[Records from a data source]
+ + +
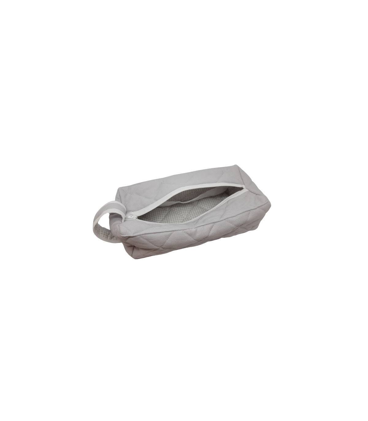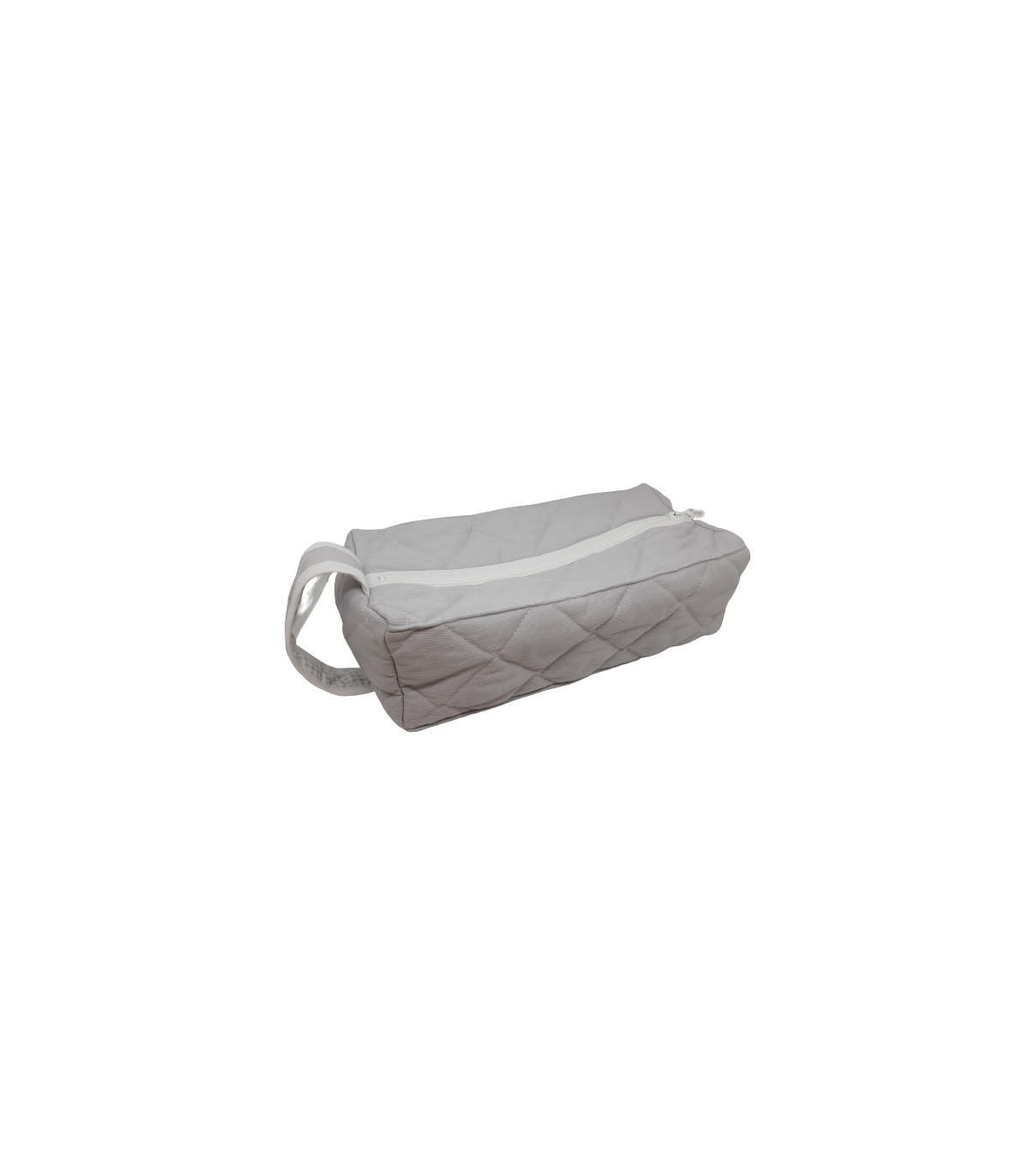 Trousse de forme rectangulaire et matelassée grise à manche  dimensions : 29 cm x 15 cm x 10 cm
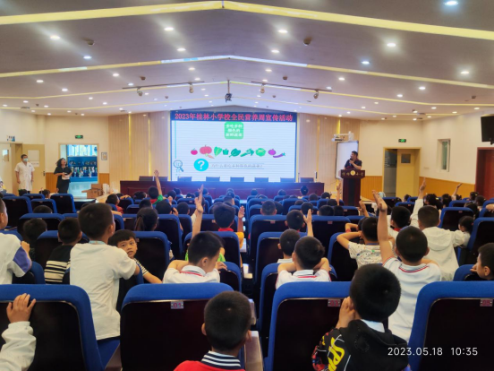 贾春水书记表示,开展食物营养宣教知识进基层入公司活动,此举是为培养营养意识与健康教育,助力儿童健康成长。陈建经理为大家解读了2023全民营养周和“5.20”中国员工营养日的核心内容,他强调开展“全民营养周”是为了倡导民众学习营养知识、改变不良饮食习惯、注意吃动平衡,从而达到预防疾病的目的。江先文部长呼吁全体师生共同参与并关注营养健康。启动仪式上,3044永利集团展示了历年全民营养周活动的成果和经验,分享成功案例和学习心得,在场师生获益匪浅。
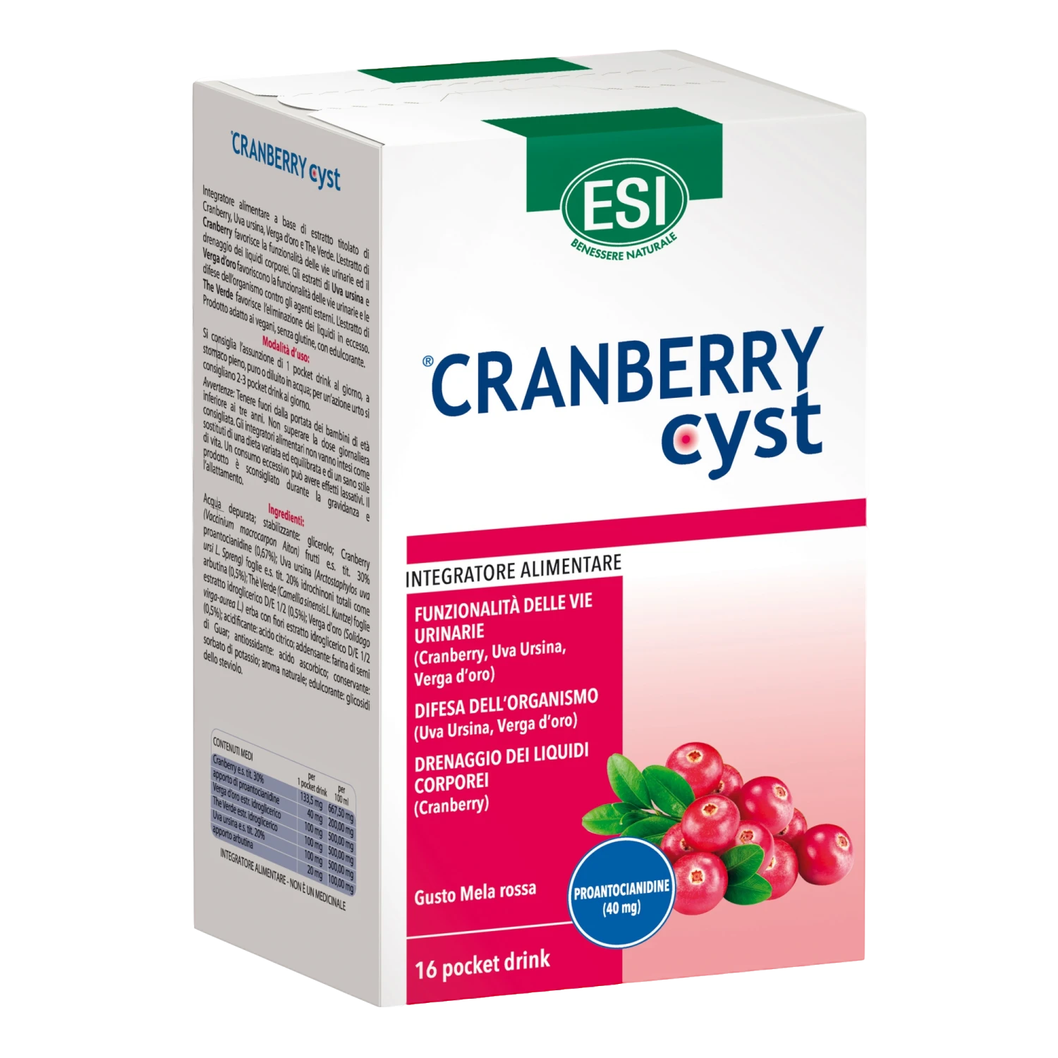 Il Cranberry o Mirtillo rosso americano è ricco di Proantocianidine, alimenti che favoriscono il drenaggio dei liquidi corporei e la funzionalità delle vie urinarie. Il Cranberry è utile anche per favorire le naturali difese dell’organismo e il benessere dell’ambiente vescicale. Nel pratico formato pocket drink puoi portarti sempre con te il prodotto e berlo diluito in acqua o direttamente puro.
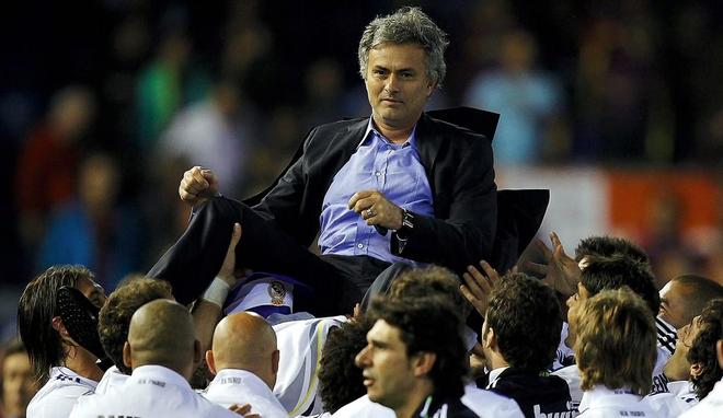 而在执教皇马之后,穆里尼奥虽然在第一个赛季有过客场0-5惨败巴萨的耻辱,但他最终率队在决赛中1-0复仇巴萨夺冠,此外还杀进了欧冠四强。而第二个赛季,穆里尼奥更是率领皇马百分问鼎西甲,终结了巴萨的三连冠。
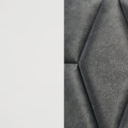 Bring geometric detail to your bedroom with the charming hexagon motif featured on this modern upholstered bed. Offering a contemporary look and feel, it creates a stylish focal point with its rich contrast of color and texture. The padded headboard offers excellent comfort and dark gray fabric upholstery. A streamlined wood frame adds a bright white finish to the rectangular head and footboards, creating an open, airy look. This stylish bed is complete with black accents in the base of the footboard and requires a foundation for use. Key Features: • A modern bed creates a stylish focal point with an upholstered headboard and sleek silhouette • Elongated hexagonal tufting creates a bold look in a padded headboard with dark gray fabric • White finish is crisp and bright, offering modern appeal and an open, airy feel • Black accents create a sense of depth and contrast in a contemporary bedroom • A foundation is required for use with this modern bed, which has a 600-pound weight limit
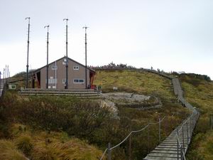 | 大山頂上小屋 ・太陽光発電パネルや風力発電設備を備えトイレや売店が有る。 ・小屋上の山頂ヵ所では大勢の登山者が休憩中 |
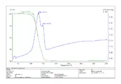 Beim Erhitzen geht das Kristallwasser verloren (TG-Kurve = Masseverlust, onset = Beginn der Wasserabspaltung, Peaks = Maxima der Reaktion), und es entsteht zuerst ein Hemihydrat (auch Halbhydrat, gebrannter Gips bzw. Bassanit genannt) mit der chemischen Formel CaSO4 • ½ H2O, bei weiterem Wasserverlust entsteht schließlich über den löslichen Anhydrit III der unlösliche Anhydrit II (CaSO4), letztere beide werden mineralogisch schlicht Anhydrit genannt.
+ + +
● TRY IT:
Repeat exactly the lines above, beginning at the one containing "Il Cranberry o" and ending at the one containing "而在执教皇马之后,穆里尼奥虽". Do not carry over any pictures.

● FINISHED EXERCISE:
 Il Cranberry o Mirtillo rosso americano è ricco di Proantocianidine, alimenti che favoriscono il drenaggio dei liquidi corporei e la funzionalità delle vie urinarie. Il Cranberry è utile anche per favorire le naturali difese dell’organismo e il benessere dell’ambiente vescicale. Nel pratico formato pocket drink puoi portarti sempre con te il prodotto e berlo diluito in acqua o direttamente puro.
 而在执教皇马之后,穆里尼奥虽然在第一个赛季有过客场0-5惨败巴萨的耻辱,但他最终率队在决赛中1-0复仇巴萨夺冠,此外还杀进了欧冠四强。而第二个赛季,穆里尼奥更是率领皇马百分问鼎西甲,终结了巴萨的三连冠。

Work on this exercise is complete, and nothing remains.